- Promotional poster
- Directed by: Uon Kon Thuok
- Starring: Kong Som Eun; Saom Vansodany; Vichara Dany; So Hean;
- Music by: Sinn Sisamouth
- Distributed by: Korng Chak Pheap Yun
- Release date: 1969;
- Country: Cambodia
- Language: Khmer

= Thavory Meas Bong =

Thavory Meas Bong (or Thavary Meas Bang, Thavary Meas Bong) (ថាវរីមាសបង; lit. Thavory, "sister of gold") is a 1969 Cambodian melodramatic film directed by Uon Kon Thuok (aka Uong Citta or Uong Kanthouk). Distributed by Korng Chak Pheap Yun, it starred Kong Som Eun, Saom Vansodany, Vichara Dany and So Hean. The songs were performed by Sinn Sisamouth.

== Premise ==
Sunny and Sorin want to separate Socheat and Thavory (of whom they are respectively jealous) and they try to convince the latter that she has contracted leprosy.

== Cast ==
- Kong Som Eun - Socheat
- Saom Vansodany -Thavory
- Vichara Dany- Sunny
- So Hean- Sorin

== Soundtrack ==
| Song | Singer(s) | Notes |
| Sronos Tuk Pleang | Sinn Sisamouth | |
| Thaovary Meas Bong | Sinn Sisamouth | |

| Song | Singer(s) | Notes |
|---|---|---|
| Sronos Tuk Pleang | Sinn Sisamouth |  |
| Thaovary Meas Bong | Sinn Sisamouth |  |

== Reception ==
Linda Saphan described the film as offering a "deep dive into the psychological states of its characters, specifically explored through the supporting roles of obsessive Sunny, played by Vichara Dany, and Sorin, played by So Hean."
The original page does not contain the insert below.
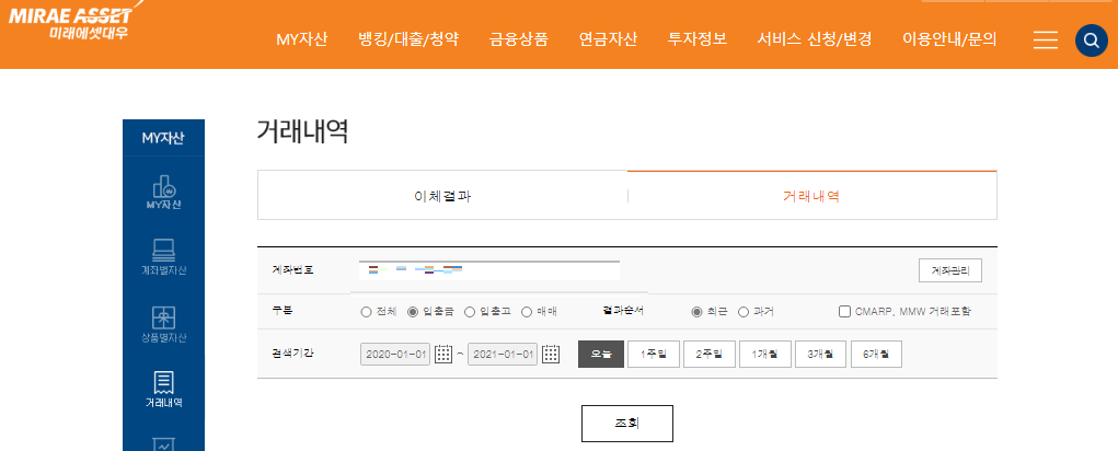 <MY자산> - <거래내역> - 입출금 항목 선택하고 검색기간을 입력한 뒤 조회버튼을 눌러주세요.

The film was called one of the director's "major works" and described as "a landmark work, a romantic drama of rare psychological depth in which the obsessions and unrequited loves of its characters plunge the viewer into the heart of the intimate dilemmas of humanity. Set in contemporary Phnom Penh, this feature film subtly illustrates the contradictions and tensions between social heritage and deep emotions, with an exceptional cast including Som Van Soudany, Kong Som Oeun and Vichara Dany."

== Legacy ==
The film was preserved by the Bophana Audiovisual Research Center; it was screened on November, 26, 2022, at the ACMI and at the 15th Cambodia International Film Festival on March, 27, 2026, as part of a tribute to the director.

Linda Saphan mentioned, however, that the director had "said that the versions of her films that survive [were] not really the films she made, as they [had] been edited by exhibitors beyond recognition."